The invention discloses an identification method of ultra-deep volcanic rock, which comprises the following steps: filtering the seismic data volume of the volcanic development zone in a transverse forced manner, and highlighting the discontinuity of the longitudinal seismic data volume; enhancing the abnormal characteristics of the volcanic channel by adopting a principal component analysis data fusion method; performing chaotic attribute processing on the reflection chaotic characteristics to obtain a chaotic reflection value; performing clustering analysis on the chaotic reflection value to predict lithofacies; processing the chaotic reflection value by adopting a K-prototype algorithm to obtain a lithofacies classification result; and (4) integrating the volcanic channel abnormal characteristics and the lithofacies classification results to identify volcanic rocks.
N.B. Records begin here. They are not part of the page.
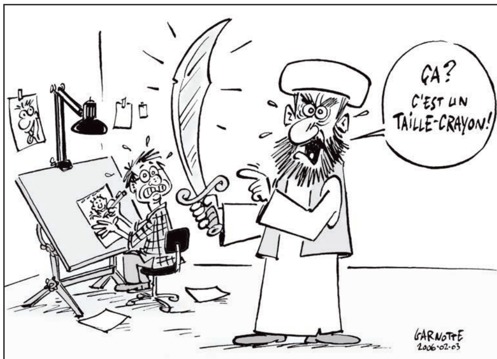
Garnotte, paru dans Le Devoir , 2006. Encre de Chine sur bristol, mise en couleur numérique

d'un travail herméneutique sur les sources et les textes fondateurs, que les religions peuvent prétendre à une libération.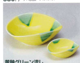
黄釉グリーン流し

53-15-285 5.5向付 2,200円 17×16×3.2cm 60入 05315285 53-16-285 豆皿 1,150円 8×2cm 160入 05316285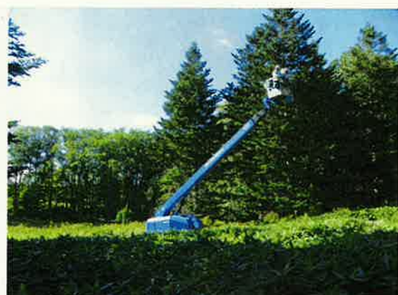
高所作業車による球果採取(訓子府採種園)

The geological meaning multi-resolution of the seismic abnormal body is reduced, the identification method of the ultra-deep volcanic rock is provided, and the identification precision of the ultra-deep volcanic rock reservoir is greatly improved.

Description

Identification method of ultra-deep volcanic rock
Technical Field
The invention relates to the field of petroleum and natural gas exploration and development, in particular to an identification method of ultra-deep volcanic rocks.
Background
Volcanic rock oil and gas reservoirs are important targets for oil and gas exploration, and volcanic rock seismic identification is a key for volcanic rock oil and gas reservoir exploration. The buried depths of the Xujia surrounding gas reservoir, the Sonnan gas reservoir and the Clariti gas reservoir are all 2000-4000 m in China, and the buried depths of the volcanic gas reservoirs discovered at present abroad are not more than 4000m, so that the volcanic gas reservoirs in the West of Sichuan have the characteristics of ultra-deep buried, ultra-6000 m buried depths, strong concealment and the like compared with other volcanic gas reservoirs at home and abroad. The method is influenced by the ultra-deep burial, the seismic data quality is low, and the identification difficulty is high; the lower part of the lava in western Sichuan has no obvious volcanic cone type characteristic, the magma overflow channel is narrow, and the seismic reflection characteristic is not obvious; and the volcanic rock drilling is less, and the plane distribution characteristics of the volcanic rock are not clear. At present, a western-chuan volcanic rock recognition method is mostly based on a conventional seismic profile recognition means, a stratum thickness method reflects the development of volcanic rock, the characteristics of a volcanic rock profile have a hillock-shaped raised appearance and an internal disordered characteristic, the characteristics are similar to the characteristics of a biological reef seismic profile, effective distinguishing cannot be achieved, and the recognition method has strong ambiguity.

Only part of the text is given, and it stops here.